4.0 from 9 votes
Candy-Striped beetroot salad with Maple-candied pecans and goat's cheese
Enjoy something delicious and satisfying with this easy-to-make recipe.
Prep Time
10 mins
Cook Time
10 mins
Total Time
15 mins
Servings: 2
Course:
Salad , Appetizer
Cuisine:
Vegan
Ingredients
for the maple-candied pecans
- 100 g pecans
- 1/4 cup maple syrup
for the thyme vinaigrette
- Juice of 1/2 lemon
- 1/4 cup olive oil
- 1 teaspoon fresh thyme leaves
- salt & pepper to taste
for the salad
- 2-3 candy-stripe beetroot peeled and very thinly siced
- 100 g soft goat's cheese I used Chevin
- baby salad leaves try to get a pack that has herbs mixed in
Instructions
- To make the candied pecans, toast the nuts in a large frying pan over medium heat for a minute.

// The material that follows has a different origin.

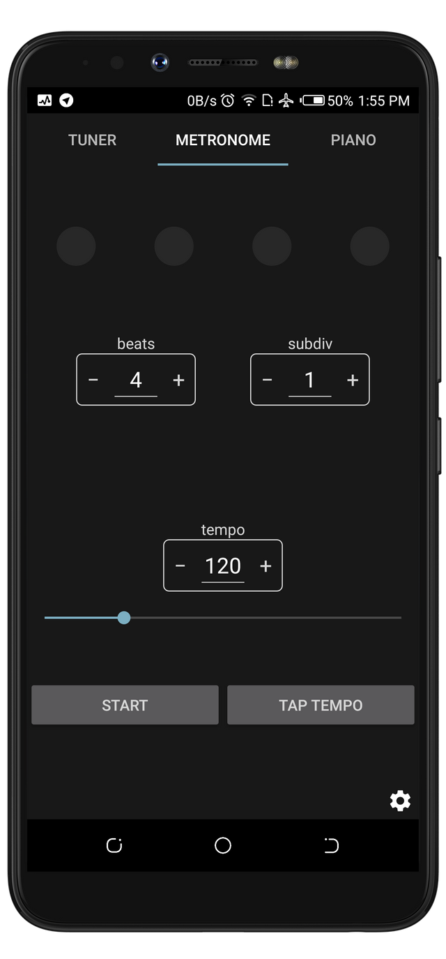 The metronome on Semitone is simple to use because of how the buttons are arranged. It has round circles at the top of the screen which blinks as the metronome counts the beats. The screen also has a beat button which decreases or increases the number of circles on the screen.
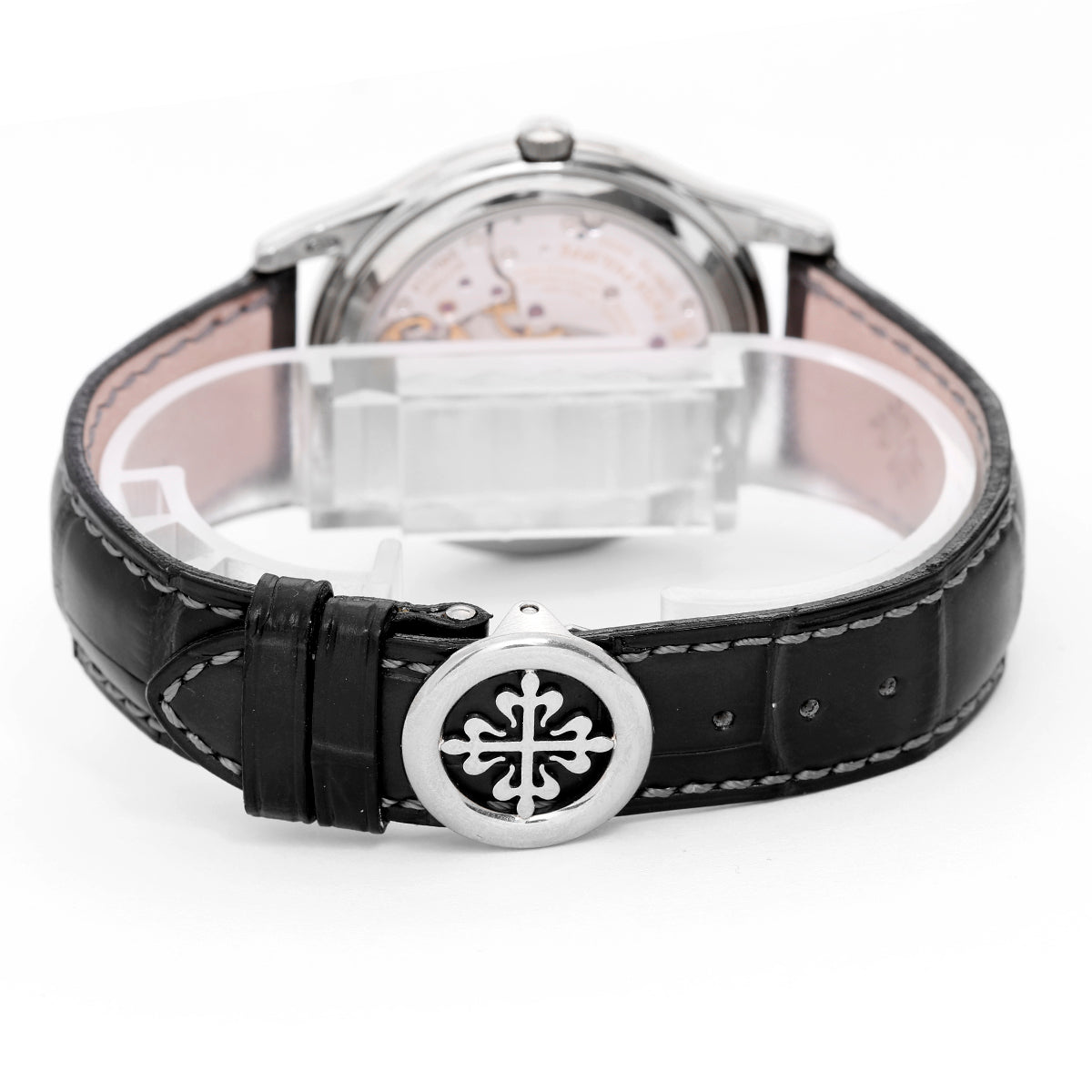 Patek Philippe Perpetual Calendar 5140 G - Automatic, sapphire crystal. 18K White gold ( 37.2 mm) Silver dial with stick markers and three subdials. Black croc strap band. Pre-owned with box and papers

- Pour in the maple syrup and allow to cook and get sticky for a minute.
- Remove the nuts from the pan and place on a sheet of baking paper. Allow to cool completely.
- To make the vinaigrette, combine the ingredients and mix well. Set aside.
- To make the salad, place the salad leaves on a platter and top with the sliced beetroot, candied pecans and crumble over the goat's cheese.
- Dress with the vinaigrette and serve.